I will describe each one in turn:
1) ultra-powerful DSP's - extremly high clock rate for DSP's, as no DSP by any other company runs anywhere near 3.2 GHz. So these specialized processors were designed to run at high clock rate. This was a key architecture decision in designing CELL.
2) localized memory - 256 KB of SRAM, must faster than eDRAM, but also taking up four times the number of transistors, but the cost is worth it, as you have the speed of cache, but in a signaficant amount to run a fair size algorithm or algorithms. Each processor can operate at full speed within it localized memory, while having ZERO impact on the rest of the system. This eliminates huge amounts of wait states, where multiple processors is contending for the same cache. Of course there is still data access contention in the system as all these processors have to be coordinated in getting fed. This makes CELL more difficult to program than a traditional processor.
3) massive internal bandwidth - very important, especially for algorithms that need to stream data from one processor to the next, and with such a large number of processors, seven of them, you have to keep them fed, even if they are not doing streaming algorithmic work.
4) massive external bandwidth - 25 GB/sec to main memory, and 35 GB/sec to a GPU. Data can come in from main memory, and be worked on by a bank of processors, and then instead of being written out to main memory, can be passed directly to the GPU. This kind of through put with so many processors, and especially for any data that can be worked on in streams, would provide huge benefits. Could easily be 10 to 30 times more powerful than a single traditional processor in this regard.

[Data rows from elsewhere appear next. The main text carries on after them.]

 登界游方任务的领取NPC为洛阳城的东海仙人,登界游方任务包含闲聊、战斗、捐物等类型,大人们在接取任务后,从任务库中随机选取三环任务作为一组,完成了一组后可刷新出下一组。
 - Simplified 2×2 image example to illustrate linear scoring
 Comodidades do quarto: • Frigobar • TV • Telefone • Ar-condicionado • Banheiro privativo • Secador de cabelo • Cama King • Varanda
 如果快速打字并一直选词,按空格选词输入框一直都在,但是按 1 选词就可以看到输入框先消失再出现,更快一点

I know there are pluses and benifits to this design, but in the end, many processors with localized memory can either be operating on a single task and having ZERO impact on the processing ability (except data contention) of another processor in the system, or each processor is employed to work on a small piece of a single problem, before passing it on to the next processor. There is flexibility in the design, with the localized memory being big enough to support individual jobs, and with the massive internal and external bandwidth supporting these units being fed.

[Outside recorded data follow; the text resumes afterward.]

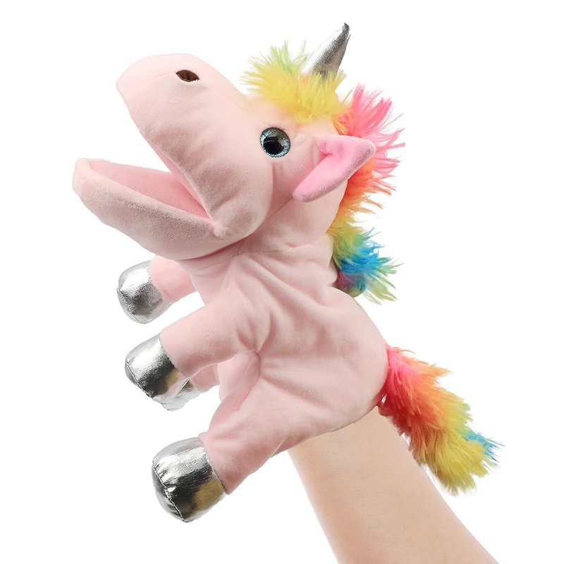 Hopearl Plush Unicorn Hand Puppet with Open Movable Mouth for Imaginative Play, Role Play, Interactive Toy for Storytelling Teaching Puppet Theater, Birthday Gifts for Kids Girls, Pink, 12''
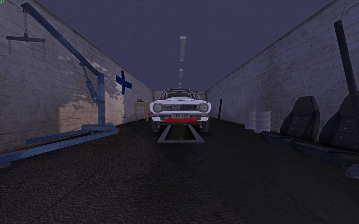 Машина полностью собрана, заправлена и готова к использованию. На счету у вас 500 000 финских марок. Детали двигателя и КПП не изношены. Установлен пользовательский скин. Машина настроена на максимальную скорость (передаточное число 3.700). Получены номера, которы лежат на полке в гараже.
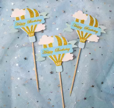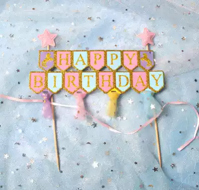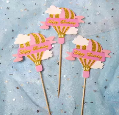 Balloon pull flag flash powder beautiful star mesh yarn dessert table birthday cake decoration plug cake ornaments
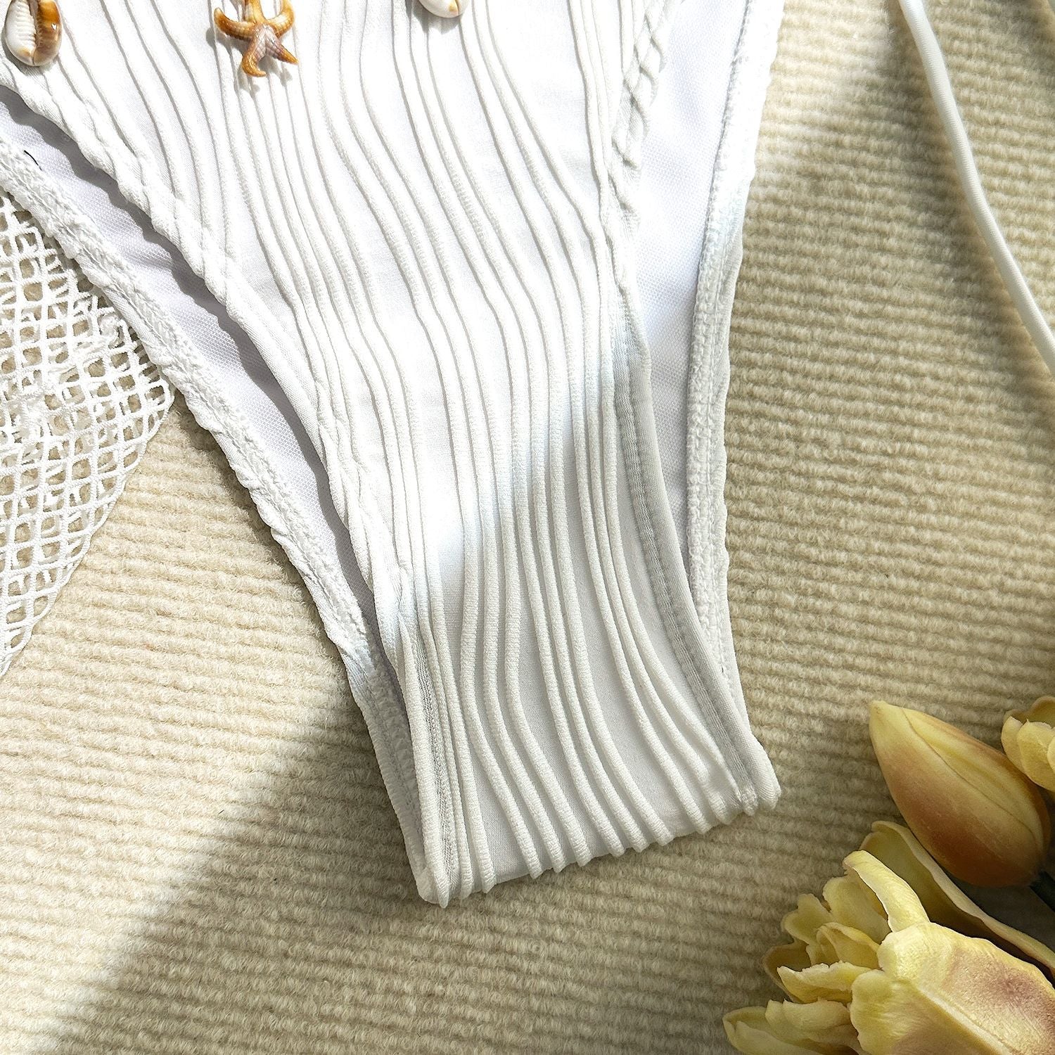 Elevate your beach look with this Starfish Tassel Three-Piece Bikini Set, featuring a delicate yarn skirt and charming starfish accents.
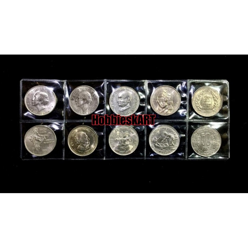50 Paise Gem Unc Rare Copper Nickel Commemorative Coins Set of 10 Coins.
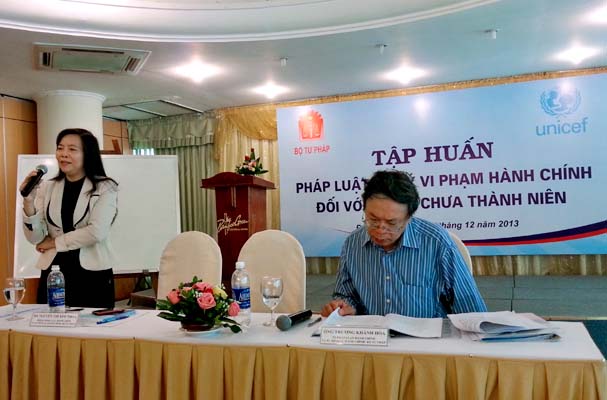 Thực hiện Quyết định số 80/QĐ-BTP ngày 16/01/2013 của Bộ trưởng Bộ Tư pháp ban hành kế hoạch hoạt động triển khai thực hiện Chương trình Quốc gia bảo vệ trẻ em năm 2013, để triển khai Luật Xử lý vi phạm hành chính, trong hai ngày 16 và 17/12/2013, Vụ Pháp luật Hình sự - Hành chính tổ chức tập huấn các quy định của pháp luật về xử lý vi phạm hành chính đối với người chưa thành niên.
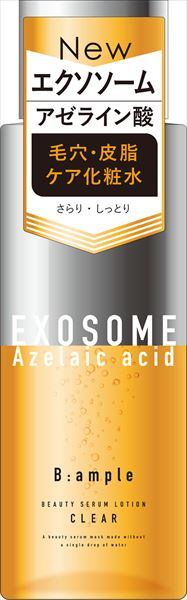 ■【説明】:最先端のスキンケア成分、エクソソーム×アゼライン酸配合の毛穴対策化粧水。皮脂・毛穴詰まりに集中アプローチし、つるんと触り心地の良いなめらかな素肌に導く。無香料・無着色。
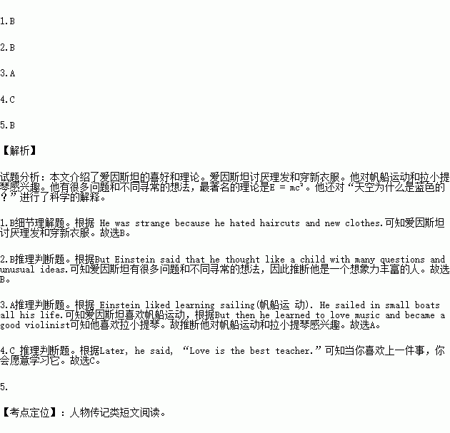 Einstein liked learning sailing(帆船运 动). He sailed in small boats all his life. He
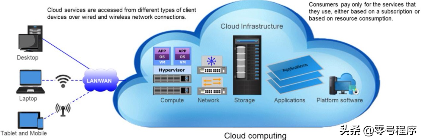 大家可以把云计算类比于电力等公用事业服务。 你只需要将电器插入插座,然后打开即可使用电,而不需要去了解电是如何产生或者分配的; 类似的, 对于云用户来说,云是IT基础设施,你可以从这个基础设施中租用IT资源作为服务, 并最终为改服务付费,而无需了解资源的产生和分配,更无需承担IT资源相关的风险和成本;消费者只需为他们使用的服务付费即可。
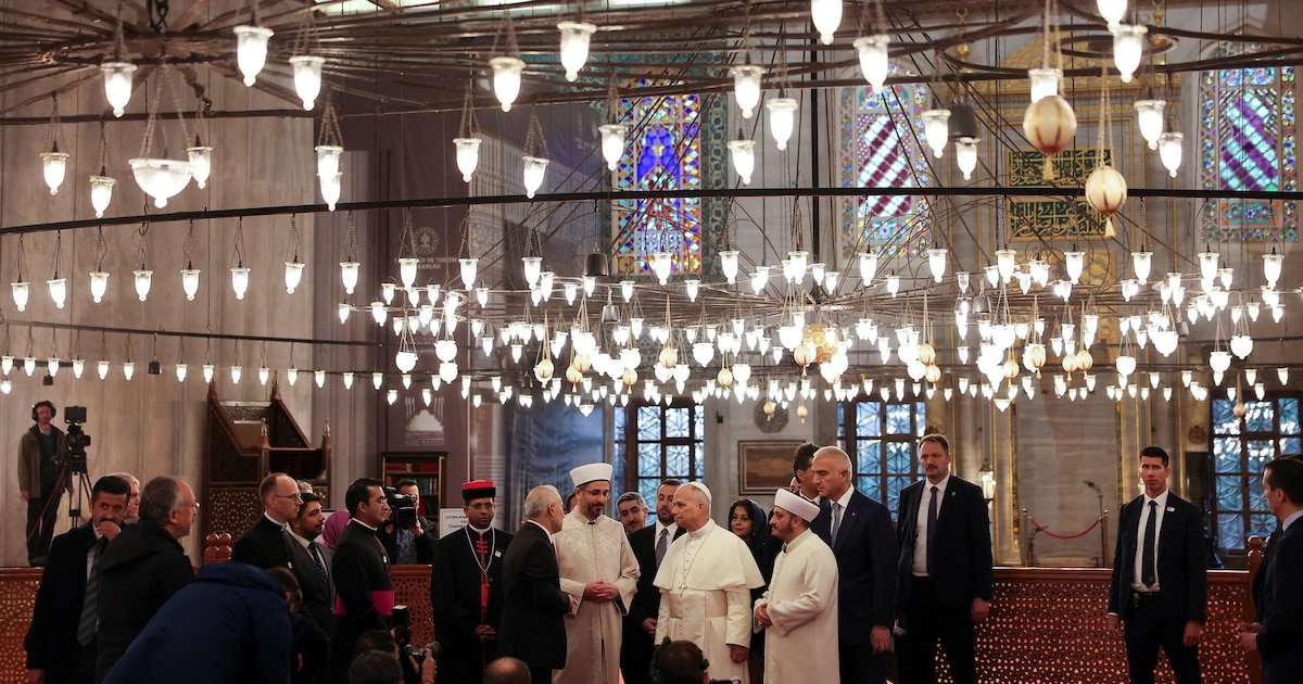 El papa León XIV, de nacionalidad estadounidense y peruana, estuvo acompañado durante su visita por Ali Erbas, presidente de la Dirección de Asuntos Religiosos de Turquía (Diyanet). Con este gesto, León XIV se convierte en el cuarto papa en ingresar a una mezquita y el tercero en hacerlo en la Mezquita Azul de Sultan Ahmed
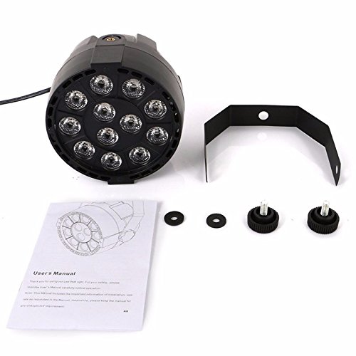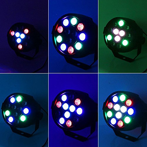 Mini Sound Activate DMX Control 12 LED RGBW Color Mixing Par Spot Light Disco Party DJ Music Show Projectors Stage Lighting Effect (Black)

While I describe the SPE's as DSP's they are much more than DSP's, and more akin to something between a traditional DSP and a general purpose CPU. I only use the term DSP because DSP are designed to be fast at math operations, just like the SPE's in CELL.
CELL is very forward looking, especially one could argue that CELL in it's present incarnation exists to teach programmers about data contention, and how to break up algorithms between many processors. I think PS4 will contain a single tranditional processor again, but even more SPE's, probably 32 to 40 of them. Unless a breakthrough comes in preventing current leakage, I don't see the clock rate going up by much, with 3.6 GHz probably being tops.